:: Data for analysis

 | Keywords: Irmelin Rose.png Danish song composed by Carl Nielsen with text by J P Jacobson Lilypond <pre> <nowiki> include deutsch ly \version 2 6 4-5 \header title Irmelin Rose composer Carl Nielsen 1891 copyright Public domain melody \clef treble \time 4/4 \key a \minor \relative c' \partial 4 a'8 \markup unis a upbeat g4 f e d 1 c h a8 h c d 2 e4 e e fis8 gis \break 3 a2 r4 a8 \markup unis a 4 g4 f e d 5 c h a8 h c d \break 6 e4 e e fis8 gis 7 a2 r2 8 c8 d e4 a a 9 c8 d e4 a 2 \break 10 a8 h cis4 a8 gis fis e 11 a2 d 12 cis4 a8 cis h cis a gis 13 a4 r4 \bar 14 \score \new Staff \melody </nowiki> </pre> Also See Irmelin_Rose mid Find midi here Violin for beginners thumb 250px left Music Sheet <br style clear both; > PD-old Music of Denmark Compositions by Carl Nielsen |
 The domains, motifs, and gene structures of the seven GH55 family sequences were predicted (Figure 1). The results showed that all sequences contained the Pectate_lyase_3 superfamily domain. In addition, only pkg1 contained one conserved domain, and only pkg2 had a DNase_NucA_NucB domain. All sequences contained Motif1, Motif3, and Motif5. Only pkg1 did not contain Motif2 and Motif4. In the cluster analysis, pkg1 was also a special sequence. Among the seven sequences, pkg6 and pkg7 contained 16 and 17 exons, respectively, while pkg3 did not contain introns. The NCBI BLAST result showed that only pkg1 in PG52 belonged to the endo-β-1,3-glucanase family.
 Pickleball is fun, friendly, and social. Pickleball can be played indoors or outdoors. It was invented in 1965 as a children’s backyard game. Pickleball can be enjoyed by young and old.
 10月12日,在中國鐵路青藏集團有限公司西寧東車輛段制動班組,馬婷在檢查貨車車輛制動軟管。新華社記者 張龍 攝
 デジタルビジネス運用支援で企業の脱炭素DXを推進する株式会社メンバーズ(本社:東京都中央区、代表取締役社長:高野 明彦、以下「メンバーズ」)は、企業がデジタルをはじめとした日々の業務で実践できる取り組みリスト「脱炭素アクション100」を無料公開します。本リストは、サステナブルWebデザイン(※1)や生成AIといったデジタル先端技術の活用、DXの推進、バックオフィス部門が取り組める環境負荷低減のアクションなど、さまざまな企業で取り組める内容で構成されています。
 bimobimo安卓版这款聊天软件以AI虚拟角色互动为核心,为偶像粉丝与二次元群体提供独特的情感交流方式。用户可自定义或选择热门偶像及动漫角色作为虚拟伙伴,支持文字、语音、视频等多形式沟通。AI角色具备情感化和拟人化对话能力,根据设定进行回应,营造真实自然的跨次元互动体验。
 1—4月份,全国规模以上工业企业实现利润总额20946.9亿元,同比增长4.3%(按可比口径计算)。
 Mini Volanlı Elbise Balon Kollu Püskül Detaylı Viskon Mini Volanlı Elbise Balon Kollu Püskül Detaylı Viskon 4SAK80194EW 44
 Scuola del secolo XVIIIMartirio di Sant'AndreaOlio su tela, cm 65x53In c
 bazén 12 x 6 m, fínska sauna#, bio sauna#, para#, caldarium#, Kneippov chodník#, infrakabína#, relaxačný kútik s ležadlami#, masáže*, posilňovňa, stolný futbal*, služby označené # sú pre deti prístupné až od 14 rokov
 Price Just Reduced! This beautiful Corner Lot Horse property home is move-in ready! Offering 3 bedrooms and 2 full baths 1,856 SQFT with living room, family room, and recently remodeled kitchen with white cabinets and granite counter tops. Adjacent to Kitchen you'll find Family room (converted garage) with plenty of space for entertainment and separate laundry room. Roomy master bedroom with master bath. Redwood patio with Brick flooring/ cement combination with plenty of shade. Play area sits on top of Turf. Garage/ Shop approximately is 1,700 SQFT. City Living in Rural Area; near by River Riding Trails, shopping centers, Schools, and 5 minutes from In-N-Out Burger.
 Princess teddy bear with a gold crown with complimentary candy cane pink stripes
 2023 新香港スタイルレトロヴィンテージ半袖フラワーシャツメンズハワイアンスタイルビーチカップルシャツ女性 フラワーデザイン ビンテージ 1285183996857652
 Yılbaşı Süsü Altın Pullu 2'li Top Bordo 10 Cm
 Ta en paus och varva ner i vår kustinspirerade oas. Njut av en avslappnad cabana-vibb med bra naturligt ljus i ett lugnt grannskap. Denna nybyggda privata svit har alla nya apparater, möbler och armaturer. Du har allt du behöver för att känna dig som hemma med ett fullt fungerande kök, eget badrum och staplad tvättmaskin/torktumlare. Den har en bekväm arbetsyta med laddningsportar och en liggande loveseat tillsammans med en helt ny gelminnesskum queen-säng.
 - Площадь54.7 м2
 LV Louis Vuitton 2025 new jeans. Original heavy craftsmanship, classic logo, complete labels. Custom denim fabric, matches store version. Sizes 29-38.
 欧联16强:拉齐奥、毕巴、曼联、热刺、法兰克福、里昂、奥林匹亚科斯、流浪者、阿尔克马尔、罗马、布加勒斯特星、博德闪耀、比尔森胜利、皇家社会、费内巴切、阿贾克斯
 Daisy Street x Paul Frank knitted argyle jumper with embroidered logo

::::

- _Assignment_
Please print the data above exactly as it appears.

- _Task response_
 | Keywords: Irmelin Rose.png Danish song composed by Carl Nielsen with text by J P Jacobson Lilypond <pre> <nowiki> include deutsch ly \version 2 6 4-5 \header title Irmelin Rose composer Carl Nielsen 1891 copyright Public domain melody \clef treble \time 4/4 \key a \minor \relative c' \partial 4 a'8 \markup unis a upbeat g4 f e d 1 c h a8 h c d 2 e4 e e fis8 gis \break 3 a2 r4 a8 \markup unis a 4 g4 f e d 5 c h a8 h c d \break 6 e4 e e fis8 gis 7 a2 r2 8 c8 d e4 a a 9 c8 d e4 a 2 \break 10 a8 h cis4 a8 gis fis e 11 a2 d 12 cis4 a8 cis h cis a gis 13 a4 r4 \bar 14 \score \new Staff \melody </nowiki> </pre> Also See Irmelin_Rose mid Find midi here Violin for beginners thumb 250px left Music Sheet <br style clear both; > PD-old Music of Denmark Compositions by Carl Nielsen |
 The domains, motifs, and gene structures of the seven GH55 family sequences were predicted (Figure 1). The results showed that all sequences contained the Pectate_lyase_3 superfamily domain. In addition, only pkg1 contained one conserved domain, and only pkg2 had a DNase_NucA_NucB domain. All sequences contained Motif1, Motif3, and Motif5. Only pkg1 did not contain Motif2 and Motif4. In the cluster analysis, pkg1 was also a special sequence. Among the seven sequences, pkg6 and pkg7 contained 16 and 17 exons, respectively, while pkg3 did not contain introns. The NCBI BLAST result showed that only pkg1 in PG52 belonged to the endo-β-1,3-glucanase family.
 Pickleball is fun, friendly, and social. Pickleball can be played indoors or outdoors. It was invented in 1965 as a children’s backyard game. Pickleball can be enjoyed by young and old.
 10月12日,在中國鐵路青藏集團有限公司西寧東車輛段制動班組,馬婷在檢查貨車車輛制動軟管。新華社記者 張龍 攝
 デジタルビジネス運用支援で企業の脱炭素DXを推進する株式会社メンバーズ(本社:東京都中央区、代表取締役社長:高野 明彦、以下「メンバーズ」)は、企業がデジタルをはじめとした日々の業務で実践できる取り組みリスト「脱炭素アクション100」を無料公開します。本リストは、サステナブルWebデザイン(※1)や生成AIといったデジタル先端技術の活用、DXの推進、バックオフィス部門が取り組める環境負荷低減のアクションなど、さまざまな企業で取り組める内容で構成されています。
 bimobimo安卓版这款聊天软件以AI虚拟角色互动为核心,为偶像粉丝与二次元群体提供独特的情感交流方式。用户可自定义或选择热门偶像及动漫角色作为虚拟伙伴,支持文字、语音、视频等多形式沟通。AI角色具备情感化和拟人化对话能力,根据设定进行回应,营造真实自然的跨次元互动体验。
 1—4月份,全国规模以上工业企业实现利润总额20946.9亿元,同比增长4.3%(按可比口径计算)。
 Mini Volanlı Elbise Balon Kollu Püskül Detaylı Viskon Mini Volanlı Elbise Balon Kollu Püskül Detaylı Viskon 4SAK80194EW 44
 Scuola del secolo XVIIIMartirio di Sant'AndreaOlio su tela, cm 65x53In c
 bazén 12 x 6 m, fínska sauna#, bio sauna#, para#, caldarium#, Kneippov chodník#, infrakabína#, relaxačný kútik s ležadlami#, masáže*, posilňovňa, stolný futbal*, služby označené # sú pre deti prístupné až od 14 rokov
 Price Just Reduced! This beautiful Corner Lot Horse property home is move-in ready! Offering 3 bedrooms and 2 full baths 1,856 SQFT with living room, family room, and recently remodeled kitchen with white cabinets and granite counter tops. Adjacent to Kitchen you'll find Family room (converted garage) with plenty of space for entertainment and separate laundry room. Roomy master bedroom with master bath. Redwood patio with Brick flooring/ cement combination with plenty of shade. Play area sits on top of Turf. Garage/ Shop approximately is 1,700 SQFT. City Living in Rural Area; near by River Riding Trails, shopping centers, Schools, and 5 minutes from In-N-Out Burger.
 Princess teddy bear with a gold crown with complimentary candy cane pink stripes
 2023 新香港スタイルレトロヴィンテージ半袖フラワーシャツメンズハワイアンスタイルビーチカップルシャツ女性 フラワーデザイン ビンテージ 1285183996857652
 Yılbaşı Süsü Altın Pullu 2'li Top Bordo 10 Cm
 Ta en paus och varva ner i vår kustinspirerade oas. Njut av en avslappnad cabana-vibb med bra naturligt ljus i ett lugnt grannskap. Denna nybyggda privata svit har alla nya apparater, möbler och armaturer. Du har allt du behöver för att känna dig som hemma med ett fullt fungerande kök, eget badrum och staplad tvättmaskin/torktumlare. Den har en bekväm arbetsyta med laddningsportar och en liggande loveseat tillsammans med en helt ny gelminnesskum queen-säng.
 - Площадь54.7 м2
 LV Louis Vuitton 2025 new jeans. Original heavy craftsmanship, classic logo, complete labels. Custom denim fabric, matches store version. Sizes 29-38.
 欧联16强:拉齐奥、毕巴、曼联、热刺、法兰克福、里昂、奥林匹亚科斯、流浪者、阿尔克马尔、罗马、布加勒斯特星、博德闪耀、比尔森胜利、皇家社会、费内巴切、阿贾克斯
 Daisy Street x Paul Frank knitted argyle jumper with embroidered logo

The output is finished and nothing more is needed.